Similarly, on December 30, 2014, ICT-1 awarded the death penalty to JeI Assistant Secretary General ATM Azharul Islam (61), after finding him guilty on three charges, including the Mokshedpur Dhap Para massacre on April 16, 1971; killing of around 1,400 unarmed civilians at Jharuarbeel in Rangpur District on April 17, 1971; and abduction and murder of four Hindu teachers of the Carmichael College and others on April 30, 1971. Further, ICT-1, which tried former JP Member of Parliament (MP) from Pirojpur District, Abdul Jabbar (82), in absentia, sentenced him to life imprisonmenton February 24, 2015, on four charges, including committing murders, plundering, arson and deportation from Fuljhuri, Kulupara and Nathpara in Mathbaria on May 16, 1971; for murders, plundering and arson at Fuljhuri on May 17, 1971; for genocide, murders and other inhumane acts at Naligram in Mathbaria on May 22, 1971; and for abducting 37 Hindus of Angulkata and Mothbaria and murdering 22 of them and plundering their houses, persecution and other inhumane acts committed from the evening of October 6, 1971 to the morning of October 7, 1971.

Thus far, the War Crimes (WC) Trials which began on March 25, 2010, have indicted 27 leaders, including 13 from JeI, six from Muslim League (ML), four from BNP, and two each from JP and Nizam-e-Islami. Verdicts against 18 of them have already been delivered - 15 were awarded the death penalty, while the remaining three received life sentences. One of the 15 who received the death sentence, JeI Assistant Secretary Abdul Quader Mollah (65), who earned the appellation Mirpurer Koshai (Butcher of Mirpur), has already been executed, while the remaining 14 death penalties are yet to be executed. Out of three persons who were awarded life sentences, two persons have already died serving their sentence: JeI Ameer (Chief) Ghulam Azam (91), who died on October 23, 2014; and former BNP minister Abdul Alim (83), who died on August 30, 2014.

Through 2014, the AL-led Government consolidated its secular commitments by minimizing the threat of Islamist extremists within the country and kept its promise to punish the perpetrators of the 1971 genocide by bringing the War Crimes' perpetrators to justice with visible gains. But, the nation is once again in the grip of violence, with no signs of the BNP-led alliance's softening its position. While addressing a crowded press conference at her Gulshan office on January 19, 2015, Khaleda Zia had declared that the ongoing countrywide blockade programme would continue indefinitely, till her next announcement. Meanwhile, BNP Joint Secretary-General Salahuddin Ahmed, in a statement on February 19, 2015, reiterated that the blockade will continue.

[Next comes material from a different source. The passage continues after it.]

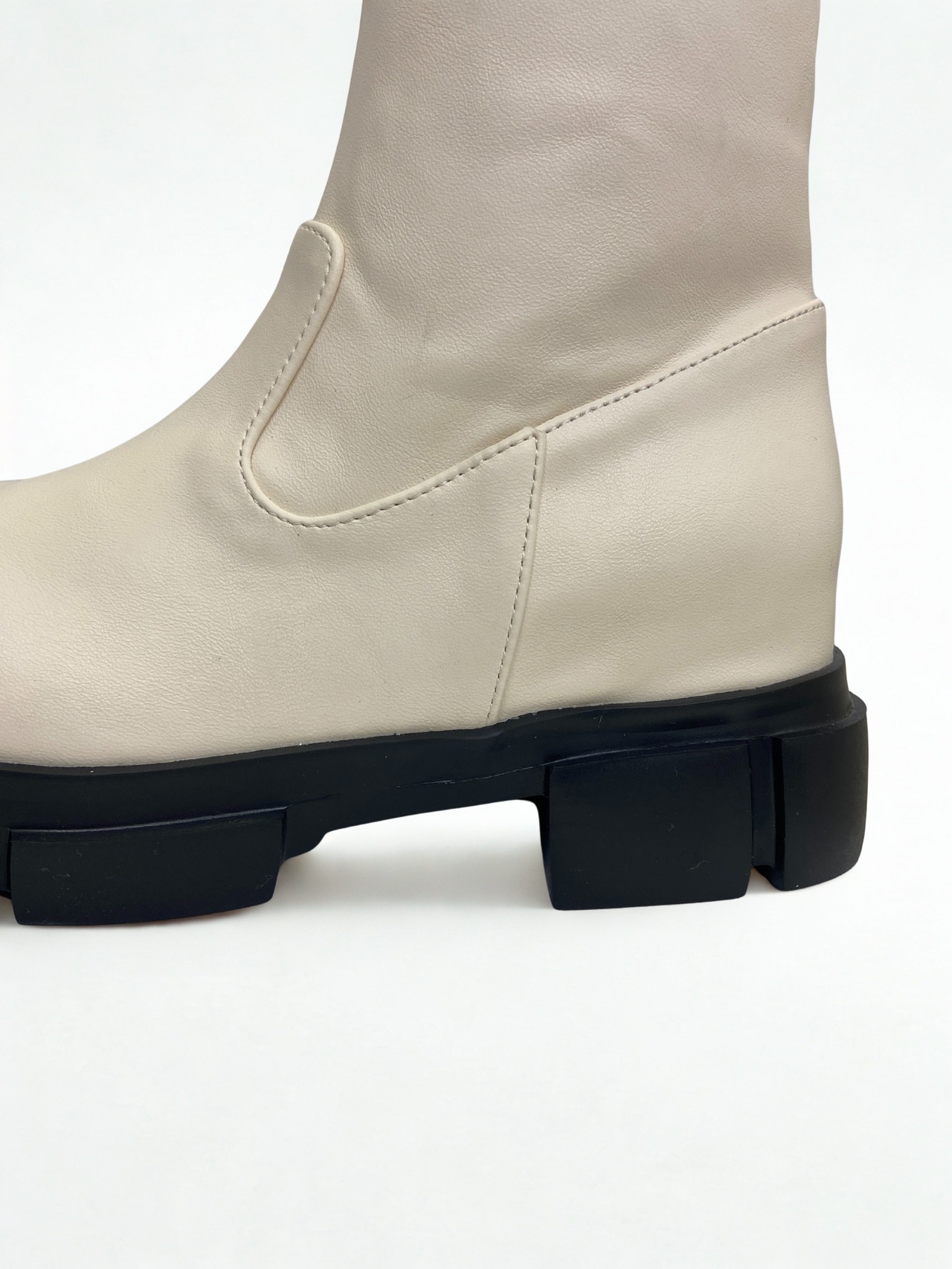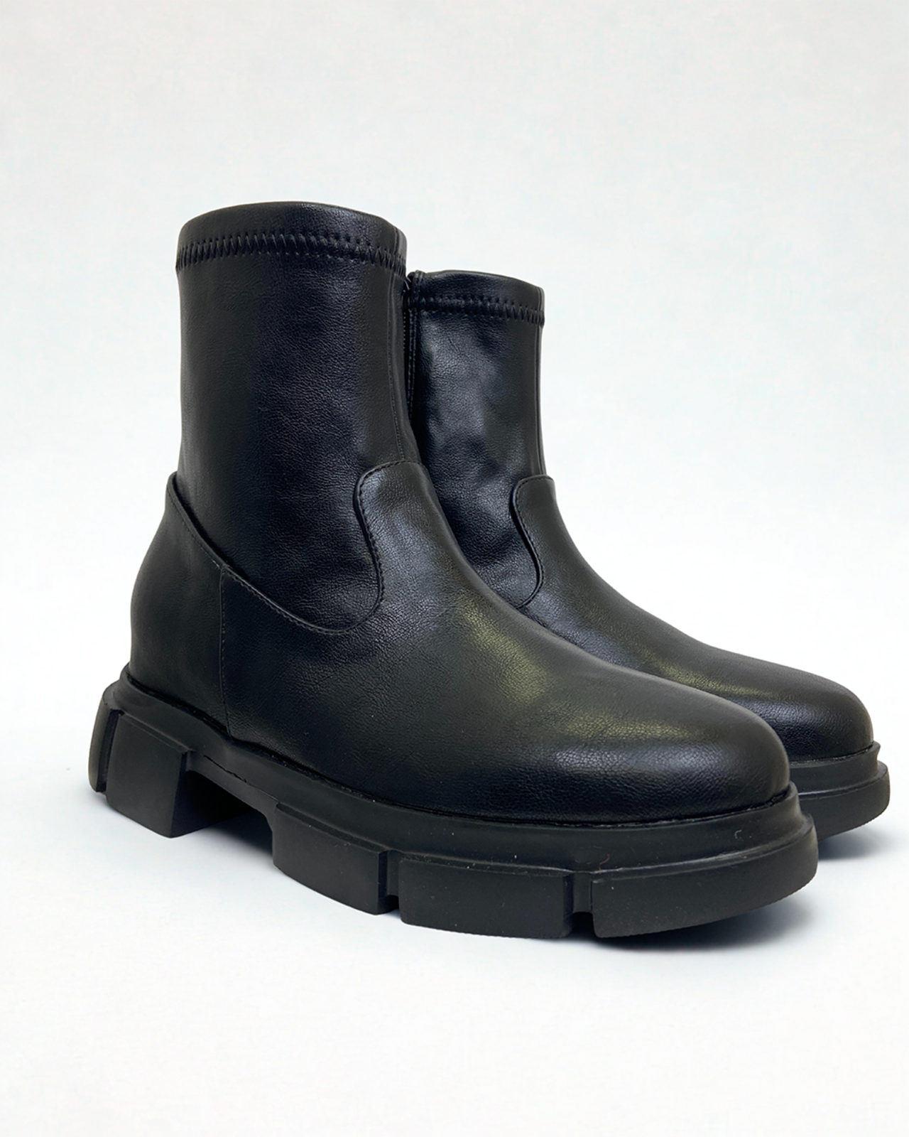 柔らかなストレッチ素材を使用した、履き心地抜群のストレッチブーツ。厚めのソールとゴツ目のプラットフォームが特徴で、トレンド感と存在感を兼ね備えています。カジュアルなスタイルはもちろん、少しドレッシーなコーディネートに外しアイテムとしても。

Sheikh Hasina has tackled the rising spectre of Islamist extremism and terrorism in Bangladesh with a high measure of success. She has been far less effective, however, in handling the fractious and polarized politics of the country, and the corrosive practice (one that her party also followed while in Opposition) of disruptive street violence and protracted blockades that have worked to the enormous detriment of the national interest. With the Opposition parties driven into a corner at present, excluded - by their own misjudgment of Hasina's intent and will, and their leaders falling one by one to the War Crimes Trials, a quality of desperation has entered into the current cycle of protests. Members of the BNP-led alliance now see their very survival under threat and are likely to escalate in a bid to force Hasina to dilute her current onslaught against them. Hasina, on the other hand, would put her own physical survival at risk by allowing any political space to the extremist formations that are part of the Opposition combine. Both sides have sufficient motive to push the situation to breaking point.